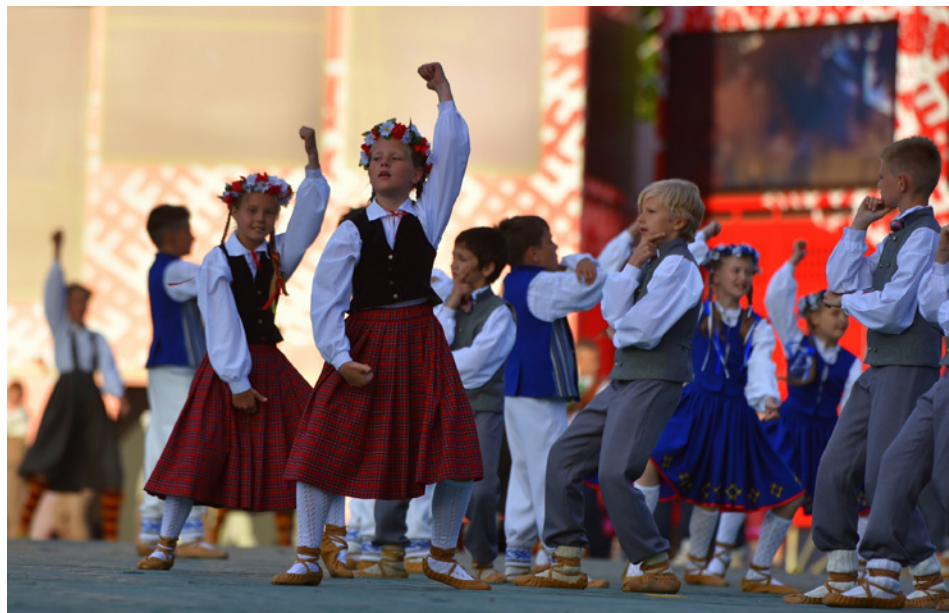
DAUGAVAS STADIONĀ. DEJU KOLEKTĪVS "ĶIPARI" A GRUPA.

- Gods un milzīga laime būt latvieti Latvijā, piedzīvot šo spēku un brīnumu!
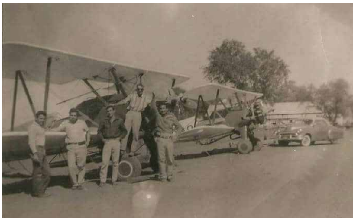
Políticos, artistas, reinas de bellezas e ídolos de la lucha libre como el Santo y Blue Demon llegaron desde el cielo, en lo que fue el primer aeropuerto de Ciudad Obregón.

gar que ofreció movilidad, dinamismo y crecimiento a la ciudad fue el sitio que se eligió para dar vida a la terminal área que abrió la ventana a la modernidad.
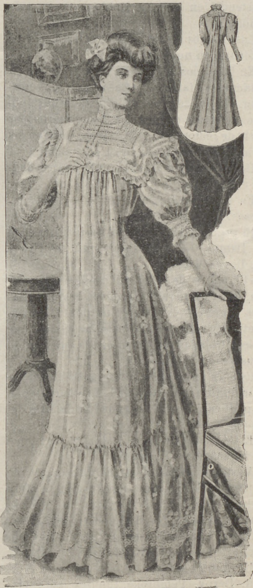
Peinador elegante á pequeños pliegues, mangas bufantes semi cortas, cuello grande adornado de bordados y encajes de Buelillos madrileño,

Este es el mejor remedio para no padecer enfermedades.
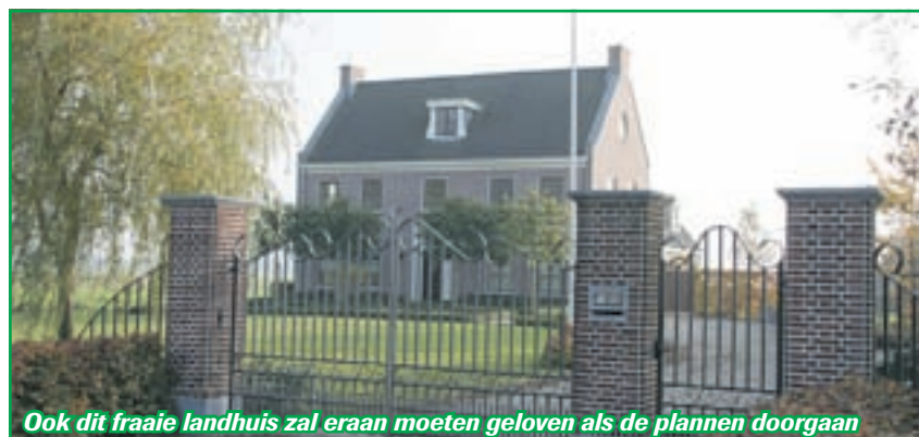
Ook dit fraaie landhuis zal eraan moeten geloven als de plannen doorgaan

* WORK INSTRUCTION
A word-for-word copy of the records is needed, with no pictures carried over.

* REPLY TO THE EXERCISE
DAUGAVAS STADIONĀ. DEJU KOLEKTĪVS "ĶIPARI" A GRUPA.

- Gods un milzīga laime būt latvieti Latvijā, piedzīvot šo spēku un brīnumu!
Políticos, artistas, reinas de bellezas e ídolos de la lucha libre como el Santo y Blue Demon llegaron desde el cielo, en lo que fue el primer aeropuerto de Ciudad Obregón.

gar que ofreció movilidad, dinamismo y crecimiento a la ciudad fue el sitio que se eligió para dar vida a la terminal área que abrió la ventana a la modernidad.
Peinador elegante á pequeños pliegues, mangas bufantes semi cortas, cuello grande adornado de bordados y encajes de Buelillos madrileño,

Este es el mejor remedio para no padecer enfermedades.
Ook dit fraaie landhuis zal eraan moeten geloven als de plannen doorgaan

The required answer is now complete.